■ Prompt
All of the listing should be output exactly, apart from the pictures.

■ Data segment
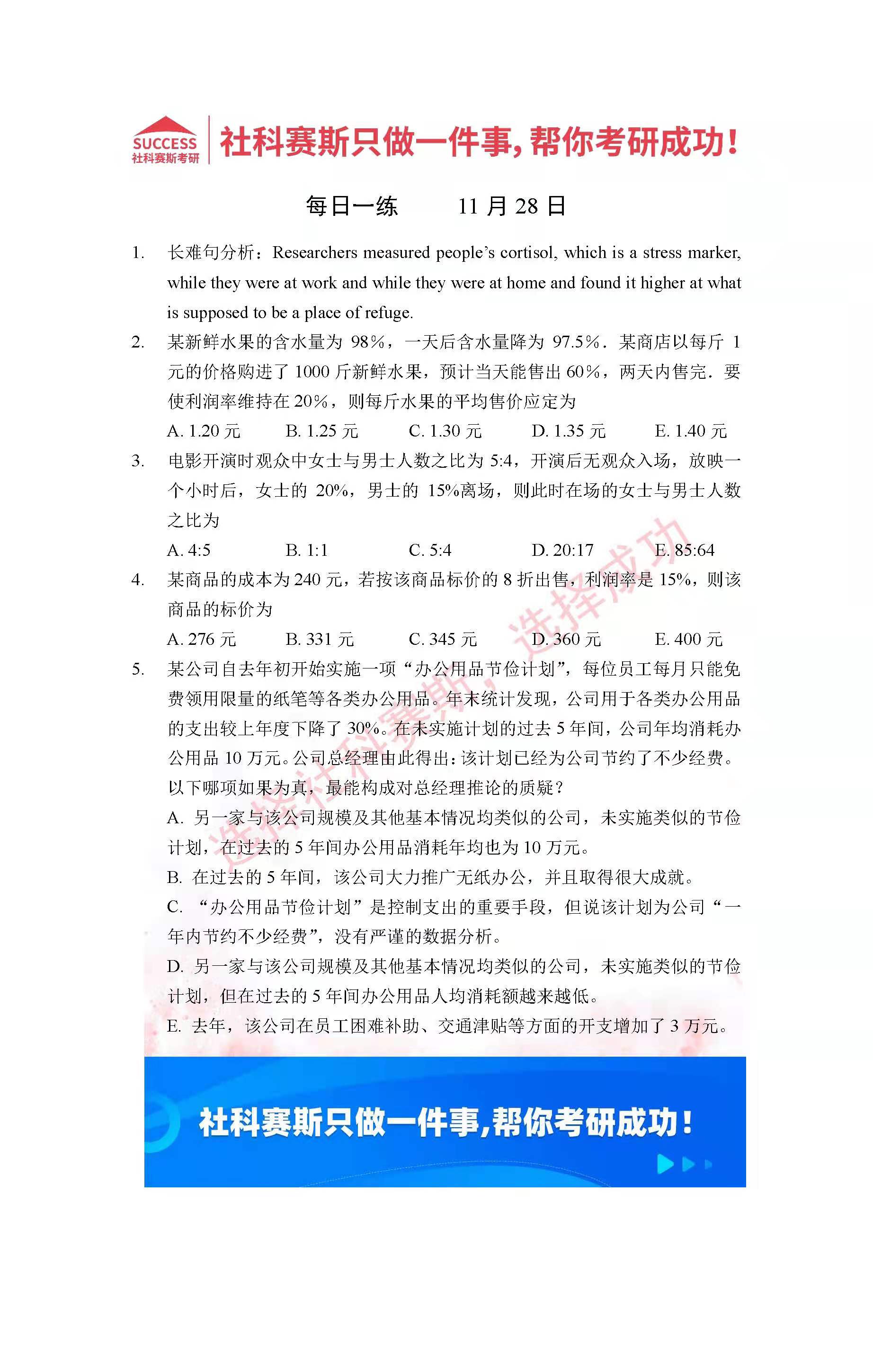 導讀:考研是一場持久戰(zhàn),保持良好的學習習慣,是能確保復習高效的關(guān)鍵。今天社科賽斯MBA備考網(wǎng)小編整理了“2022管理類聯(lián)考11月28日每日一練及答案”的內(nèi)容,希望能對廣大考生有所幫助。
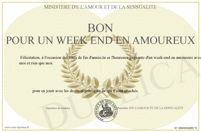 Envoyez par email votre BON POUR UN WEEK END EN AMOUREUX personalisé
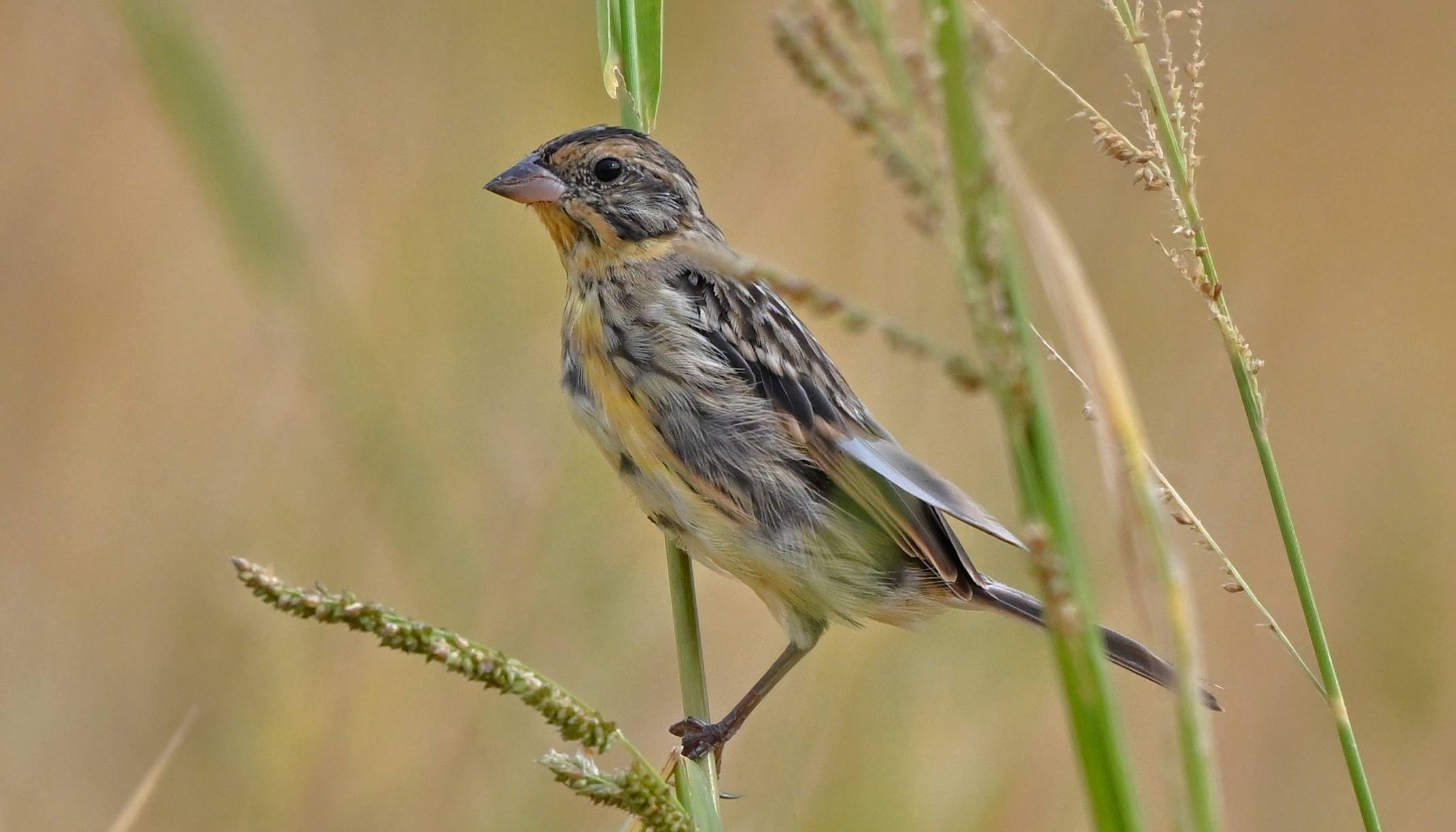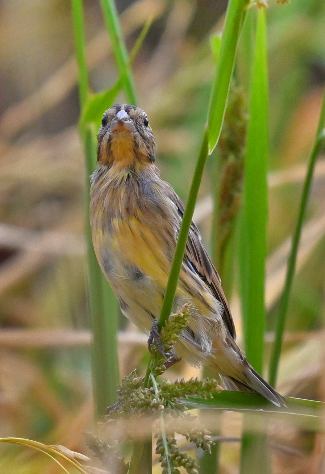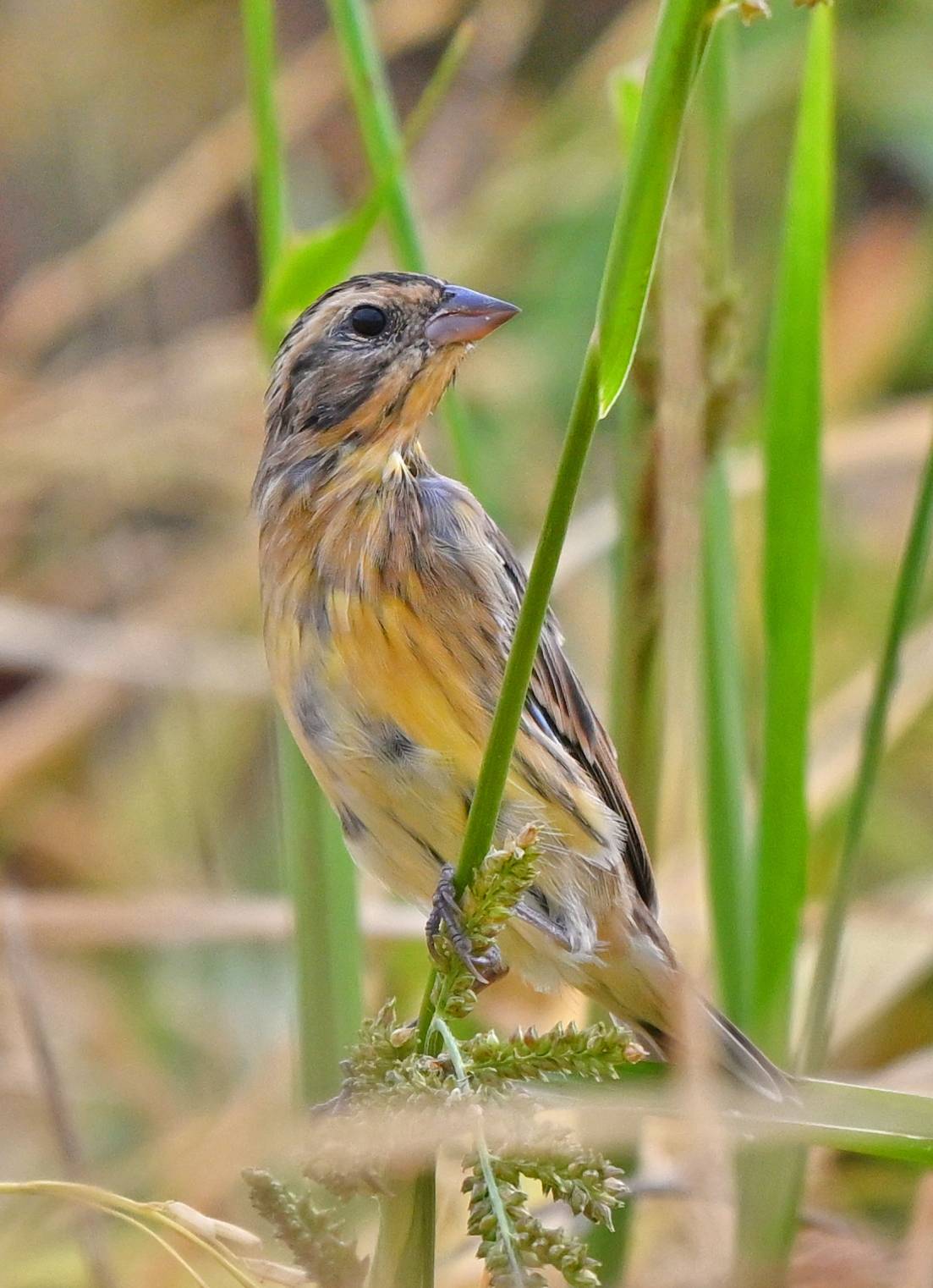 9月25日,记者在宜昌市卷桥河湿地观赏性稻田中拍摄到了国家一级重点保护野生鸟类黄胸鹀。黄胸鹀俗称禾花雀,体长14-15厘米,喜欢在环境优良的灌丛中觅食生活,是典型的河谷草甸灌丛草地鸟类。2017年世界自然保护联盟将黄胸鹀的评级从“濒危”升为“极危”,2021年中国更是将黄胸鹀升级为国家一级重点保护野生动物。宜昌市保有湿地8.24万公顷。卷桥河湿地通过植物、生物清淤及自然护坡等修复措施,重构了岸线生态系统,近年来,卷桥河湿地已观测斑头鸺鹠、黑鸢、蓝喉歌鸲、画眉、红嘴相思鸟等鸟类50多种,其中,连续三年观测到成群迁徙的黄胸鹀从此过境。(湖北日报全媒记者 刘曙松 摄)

■ Answer to this exercise
 導讀:考研是一場持久戰(zhàn),保持良好的學習習慣,是能確保復習高效的關(guān)鍵。今天社科賽斯MBA備考網(wǎng)小編整理了“2022管理類聯(lián)考11月28日每日一練及答案”的內(nèi)容,希望能對廣大考生有所幫助。
 Envoyez par email votre BON POUR UN WEEK END EN AMOUREUX personalisé
 9月25日,记者在宜昌市卷桥河湿地观赏性稻田中拍摄到了国家一级重点保护野生鸟类黄胸鹀。黄胸鹀俗称禾花雀,体长14-15厘米,喜欢在环境优良的灌丛中觅食生活,是典型的河谷草甸灌丛草地鸟类。2017年世界自然保护联盟将黄胸鹀的评级从“濒危”升为“极危”,2021年中国更是将黄胸鹀升级为国家一级重点保护野生动物。宜昌市保有湿地8.24万公顷。卷桥河湿地通过植物、生物清淤及自然护坡等修复措施,重构了岸线生态系统,近年来,卷桥河湿地已观测斑头鸺鹠、黑鸢、蓝喉歌鸲、画眉、红嘴相思鸟等鸟类50多种,其中,连续三年观测到成群迁徙的黄胸鹀从此过境。(湖北日报全媒记者 刘曙松 摄)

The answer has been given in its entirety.